--- Exercise requirements ---
Below is a block of entries; repeat exactly the lines starting at the line that contains "Stretch Cotton Pants" and ending at the line that contains "Il riquadro (5)", both included.

--- Material provided ---
== == ==
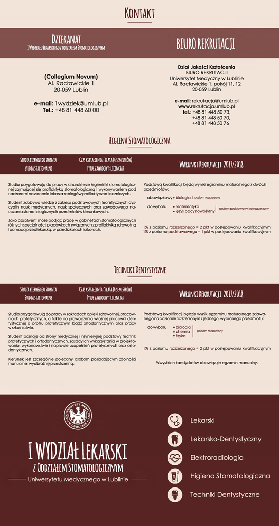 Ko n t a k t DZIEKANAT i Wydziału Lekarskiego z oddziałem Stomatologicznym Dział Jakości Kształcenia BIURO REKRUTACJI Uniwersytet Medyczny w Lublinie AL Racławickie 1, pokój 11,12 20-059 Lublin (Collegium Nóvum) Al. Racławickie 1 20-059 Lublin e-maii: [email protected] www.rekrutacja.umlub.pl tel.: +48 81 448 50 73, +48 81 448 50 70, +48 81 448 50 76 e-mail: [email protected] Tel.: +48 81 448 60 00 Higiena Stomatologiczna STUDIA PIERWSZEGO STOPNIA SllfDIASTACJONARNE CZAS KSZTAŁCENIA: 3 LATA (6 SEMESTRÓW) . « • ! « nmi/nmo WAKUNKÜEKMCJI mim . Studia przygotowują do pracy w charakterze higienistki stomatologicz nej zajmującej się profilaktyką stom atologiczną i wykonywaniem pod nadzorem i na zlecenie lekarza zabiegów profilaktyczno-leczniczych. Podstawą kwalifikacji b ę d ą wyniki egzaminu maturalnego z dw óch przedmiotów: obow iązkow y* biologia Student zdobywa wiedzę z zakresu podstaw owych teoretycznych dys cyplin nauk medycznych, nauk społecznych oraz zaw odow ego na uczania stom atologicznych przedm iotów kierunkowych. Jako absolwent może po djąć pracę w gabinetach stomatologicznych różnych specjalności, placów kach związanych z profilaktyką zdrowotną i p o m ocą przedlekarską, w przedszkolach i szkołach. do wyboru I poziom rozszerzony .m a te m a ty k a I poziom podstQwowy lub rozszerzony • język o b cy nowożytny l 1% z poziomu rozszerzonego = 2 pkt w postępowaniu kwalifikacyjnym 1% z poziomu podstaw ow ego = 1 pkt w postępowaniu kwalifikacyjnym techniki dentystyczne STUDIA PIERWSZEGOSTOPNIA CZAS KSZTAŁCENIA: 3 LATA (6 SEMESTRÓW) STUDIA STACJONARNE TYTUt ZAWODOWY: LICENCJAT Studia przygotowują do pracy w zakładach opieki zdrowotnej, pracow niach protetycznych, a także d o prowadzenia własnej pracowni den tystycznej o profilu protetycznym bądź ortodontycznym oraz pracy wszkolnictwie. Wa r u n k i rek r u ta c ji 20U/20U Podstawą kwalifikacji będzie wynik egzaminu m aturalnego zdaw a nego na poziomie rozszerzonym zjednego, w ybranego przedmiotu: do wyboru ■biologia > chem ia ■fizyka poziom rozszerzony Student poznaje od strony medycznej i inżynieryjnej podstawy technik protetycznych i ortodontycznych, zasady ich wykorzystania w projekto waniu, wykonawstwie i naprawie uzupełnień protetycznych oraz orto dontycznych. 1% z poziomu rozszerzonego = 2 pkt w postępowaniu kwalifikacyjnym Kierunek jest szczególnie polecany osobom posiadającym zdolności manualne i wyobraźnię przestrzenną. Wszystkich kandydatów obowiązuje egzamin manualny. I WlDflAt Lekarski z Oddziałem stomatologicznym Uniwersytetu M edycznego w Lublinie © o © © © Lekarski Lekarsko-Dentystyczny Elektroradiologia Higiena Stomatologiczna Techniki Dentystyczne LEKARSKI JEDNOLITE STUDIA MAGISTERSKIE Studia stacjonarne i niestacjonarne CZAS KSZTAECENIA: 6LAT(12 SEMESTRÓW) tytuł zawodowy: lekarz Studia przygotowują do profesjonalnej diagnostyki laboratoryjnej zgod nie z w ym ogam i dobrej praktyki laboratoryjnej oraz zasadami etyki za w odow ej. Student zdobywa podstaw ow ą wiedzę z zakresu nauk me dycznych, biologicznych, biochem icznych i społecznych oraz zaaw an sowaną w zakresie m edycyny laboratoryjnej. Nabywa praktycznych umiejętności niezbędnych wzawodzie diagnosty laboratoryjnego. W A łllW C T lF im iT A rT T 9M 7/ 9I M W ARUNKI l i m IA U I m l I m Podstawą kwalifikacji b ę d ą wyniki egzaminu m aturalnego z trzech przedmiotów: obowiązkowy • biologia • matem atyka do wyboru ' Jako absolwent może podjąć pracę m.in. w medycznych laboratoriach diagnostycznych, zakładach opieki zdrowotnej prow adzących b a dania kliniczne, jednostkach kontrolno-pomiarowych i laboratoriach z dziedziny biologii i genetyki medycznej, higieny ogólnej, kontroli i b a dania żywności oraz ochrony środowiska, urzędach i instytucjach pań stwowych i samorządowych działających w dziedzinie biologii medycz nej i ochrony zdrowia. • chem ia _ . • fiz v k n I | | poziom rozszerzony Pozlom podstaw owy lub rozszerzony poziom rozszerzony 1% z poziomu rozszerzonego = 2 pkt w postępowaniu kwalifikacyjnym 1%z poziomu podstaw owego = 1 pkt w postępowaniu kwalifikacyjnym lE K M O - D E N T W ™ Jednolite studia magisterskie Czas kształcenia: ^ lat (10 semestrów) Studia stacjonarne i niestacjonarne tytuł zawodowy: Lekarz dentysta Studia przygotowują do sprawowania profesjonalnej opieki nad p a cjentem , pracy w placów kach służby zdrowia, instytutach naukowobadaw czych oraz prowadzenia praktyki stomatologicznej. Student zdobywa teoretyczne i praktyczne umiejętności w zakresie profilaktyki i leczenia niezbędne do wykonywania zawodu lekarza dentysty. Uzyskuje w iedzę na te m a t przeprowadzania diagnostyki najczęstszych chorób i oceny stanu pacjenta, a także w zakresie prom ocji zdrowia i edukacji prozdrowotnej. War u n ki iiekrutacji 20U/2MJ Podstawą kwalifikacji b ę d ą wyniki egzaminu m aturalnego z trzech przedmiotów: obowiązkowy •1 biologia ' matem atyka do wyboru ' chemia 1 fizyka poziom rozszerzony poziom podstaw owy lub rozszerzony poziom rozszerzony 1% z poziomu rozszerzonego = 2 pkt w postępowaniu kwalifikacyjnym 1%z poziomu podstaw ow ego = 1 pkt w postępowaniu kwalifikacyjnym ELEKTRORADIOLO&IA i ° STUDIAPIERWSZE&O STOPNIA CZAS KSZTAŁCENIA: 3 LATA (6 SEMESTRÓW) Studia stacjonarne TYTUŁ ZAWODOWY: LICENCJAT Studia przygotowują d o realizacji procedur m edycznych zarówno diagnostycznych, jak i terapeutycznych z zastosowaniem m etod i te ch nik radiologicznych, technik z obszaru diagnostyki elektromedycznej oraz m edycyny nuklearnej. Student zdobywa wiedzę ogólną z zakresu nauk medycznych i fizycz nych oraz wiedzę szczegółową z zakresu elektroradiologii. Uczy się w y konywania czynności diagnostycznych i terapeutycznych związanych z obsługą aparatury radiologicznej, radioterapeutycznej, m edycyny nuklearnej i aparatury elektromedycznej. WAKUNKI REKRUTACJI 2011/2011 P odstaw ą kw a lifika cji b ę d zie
== == ==
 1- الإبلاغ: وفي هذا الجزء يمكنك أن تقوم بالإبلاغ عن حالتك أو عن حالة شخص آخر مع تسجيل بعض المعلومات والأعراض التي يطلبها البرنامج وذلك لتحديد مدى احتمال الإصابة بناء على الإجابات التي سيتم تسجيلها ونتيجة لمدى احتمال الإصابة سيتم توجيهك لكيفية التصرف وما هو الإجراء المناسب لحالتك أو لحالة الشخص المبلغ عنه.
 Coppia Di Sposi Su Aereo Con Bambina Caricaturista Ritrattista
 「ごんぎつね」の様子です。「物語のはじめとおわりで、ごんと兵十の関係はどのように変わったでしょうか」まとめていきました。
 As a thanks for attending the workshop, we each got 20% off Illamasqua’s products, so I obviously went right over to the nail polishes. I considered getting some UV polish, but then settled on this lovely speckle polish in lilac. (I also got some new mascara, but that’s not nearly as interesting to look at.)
== == ==
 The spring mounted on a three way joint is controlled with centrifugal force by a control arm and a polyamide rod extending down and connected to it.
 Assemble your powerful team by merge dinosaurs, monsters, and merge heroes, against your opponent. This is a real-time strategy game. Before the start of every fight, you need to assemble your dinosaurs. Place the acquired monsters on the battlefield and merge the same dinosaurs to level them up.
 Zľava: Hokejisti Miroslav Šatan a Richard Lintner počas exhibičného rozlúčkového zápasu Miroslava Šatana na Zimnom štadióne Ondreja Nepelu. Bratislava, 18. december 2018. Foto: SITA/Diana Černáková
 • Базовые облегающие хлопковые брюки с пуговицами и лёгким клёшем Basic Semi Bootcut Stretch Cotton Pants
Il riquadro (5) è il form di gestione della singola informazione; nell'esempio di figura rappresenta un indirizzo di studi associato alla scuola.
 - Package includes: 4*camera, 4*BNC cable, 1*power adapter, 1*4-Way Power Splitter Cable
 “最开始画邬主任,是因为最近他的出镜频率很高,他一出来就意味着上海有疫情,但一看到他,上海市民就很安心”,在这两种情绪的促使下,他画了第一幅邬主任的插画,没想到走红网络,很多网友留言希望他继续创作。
== == ==
--- Task result ---
 • Базовые облегающие хлопковые брюки с пуговицами и лёгким клёшем Basic Semi Bootcut Stretch Cotton Pants
Il riquadro (5) è il form di gestione della singola informazione; nell'esempio di figura rappresenta un indirizzo di studi associato alla scuola.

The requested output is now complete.